--- RECORDS SUPPLIED Enclosed Below ---

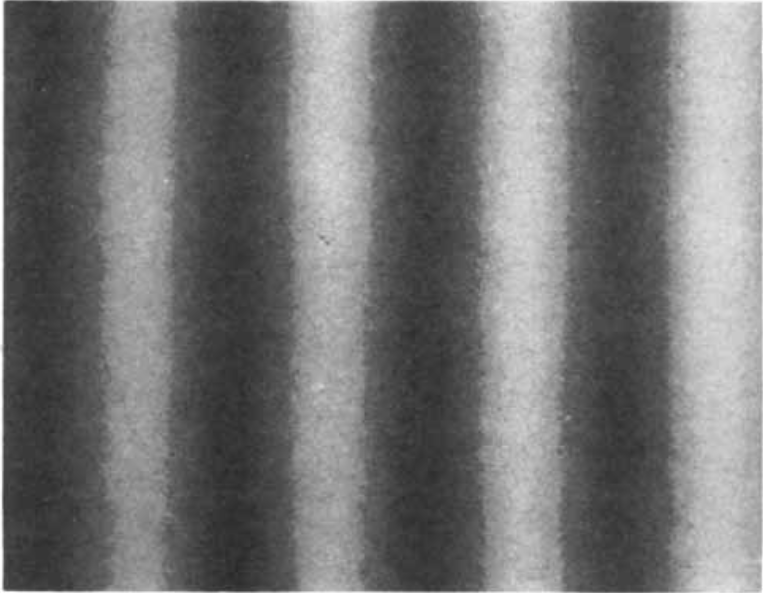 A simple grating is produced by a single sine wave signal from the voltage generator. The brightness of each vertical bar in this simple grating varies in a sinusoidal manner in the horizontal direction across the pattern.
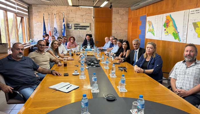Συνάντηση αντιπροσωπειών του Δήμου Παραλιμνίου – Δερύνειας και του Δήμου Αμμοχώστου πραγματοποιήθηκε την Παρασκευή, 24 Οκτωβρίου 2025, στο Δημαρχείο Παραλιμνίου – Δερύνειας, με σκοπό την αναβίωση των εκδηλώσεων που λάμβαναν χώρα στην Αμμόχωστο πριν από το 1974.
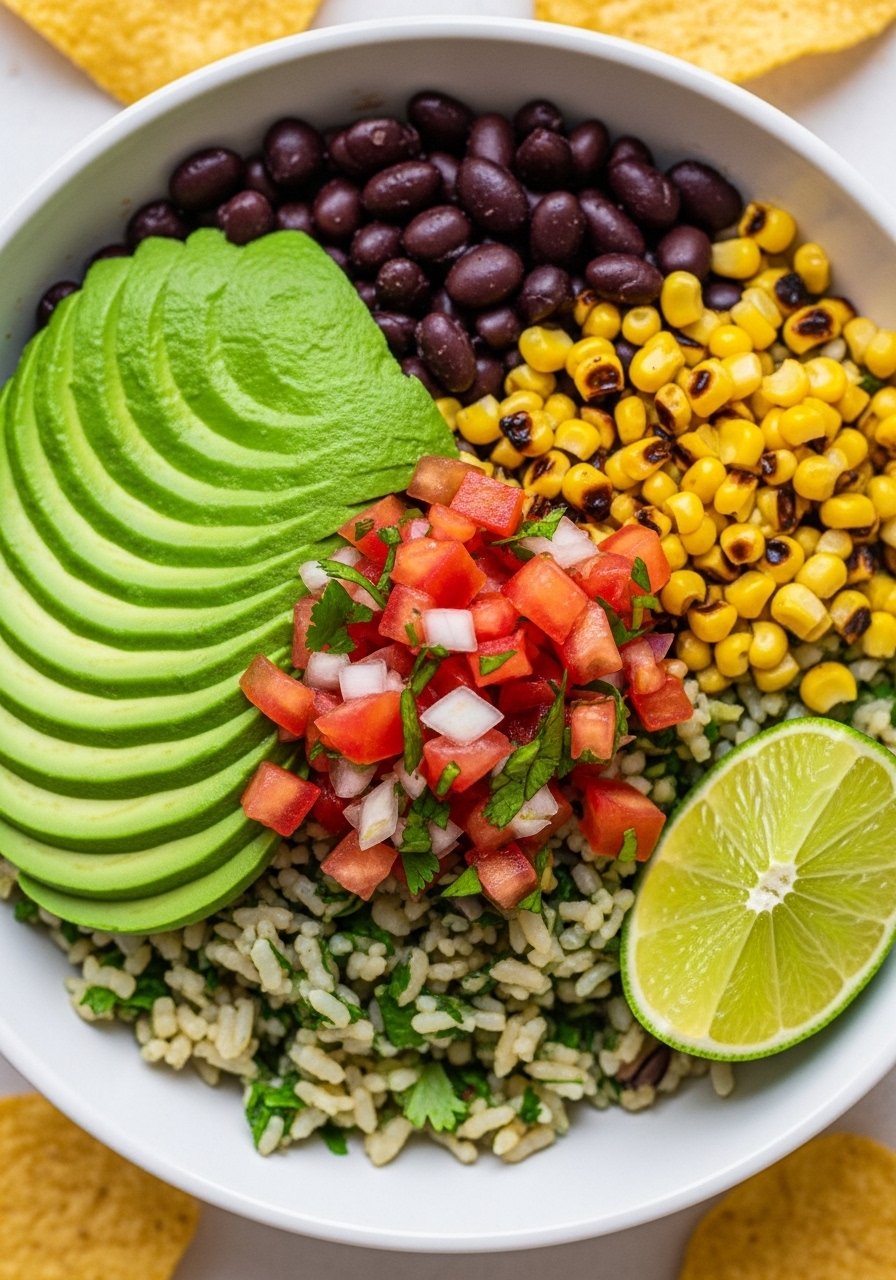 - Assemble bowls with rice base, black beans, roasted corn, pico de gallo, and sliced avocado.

--- End of Enclosed RECORDS SUPPLIED ---
--- RECORDS SUPPLIED Enclosed Below ---

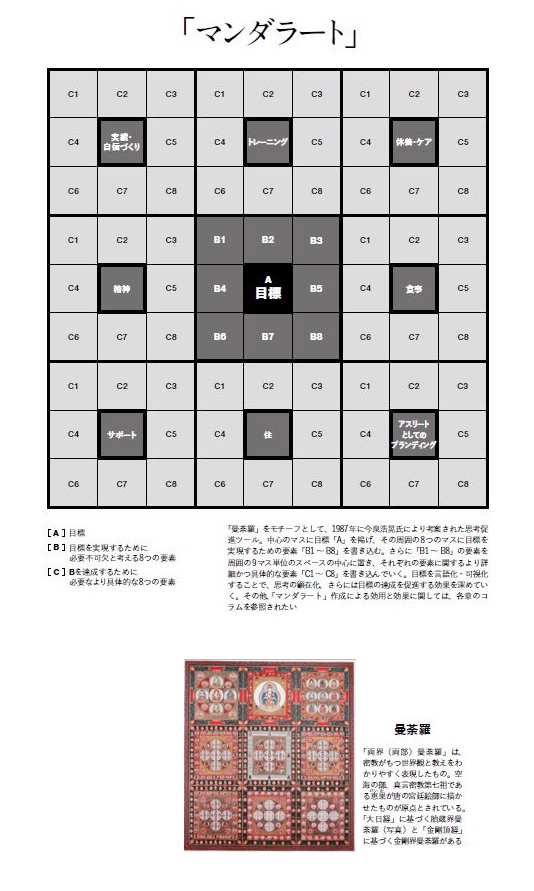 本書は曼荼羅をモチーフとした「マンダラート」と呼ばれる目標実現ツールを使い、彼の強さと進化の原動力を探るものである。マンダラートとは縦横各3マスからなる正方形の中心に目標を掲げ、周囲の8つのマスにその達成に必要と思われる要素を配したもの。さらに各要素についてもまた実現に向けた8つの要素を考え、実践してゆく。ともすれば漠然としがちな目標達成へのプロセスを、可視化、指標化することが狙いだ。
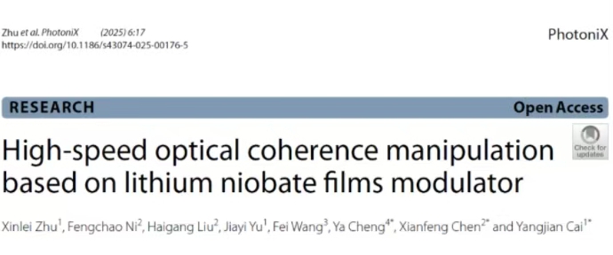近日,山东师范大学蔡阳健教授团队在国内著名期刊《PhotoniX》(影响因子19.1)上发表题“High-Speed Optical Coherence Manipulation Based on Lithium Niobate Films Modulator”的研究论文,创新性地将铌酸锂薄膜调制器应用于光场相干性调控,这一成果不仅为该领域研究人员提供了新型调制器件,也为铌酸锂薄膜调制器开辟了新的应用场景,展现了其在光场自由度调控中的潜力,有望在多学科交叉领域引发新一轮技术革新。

--- End of Enclosed RECORDS SUPPLIED ---

The lines above starting at the one that holds "A simple grating" and ending at the one that holds "- Assemble bowls" are to be written out exactly, ends included, and no pictures are to be copied.

#### [RESULT]
 A simple grating is produced by a single sine wave signal from the voltage generator. The brightness of each vertical bar in this simple grating varies in a sinusoidal manner in the horizontal direction across the pattern.
Συνάντηση αντιπροσωπειών του Δήμου Παραλιμνίου – Δερύνειας και του Δήμου Αμμοχώστου πραγματοποιήθηκε την Παρασκευή, 24 Οκτωβρίου 2025, στο Δημαρχείο Παραλιμνίου – Δερύνειας, με σκοπό την αναβίωση των εκδηλώσεων που λάμβαναν χώρα στην Αμμόχωστο πριν από το 1974.
 - Assemble bowls with rice base, black beans, roasted corn, pico de gallo, and sliced avocado.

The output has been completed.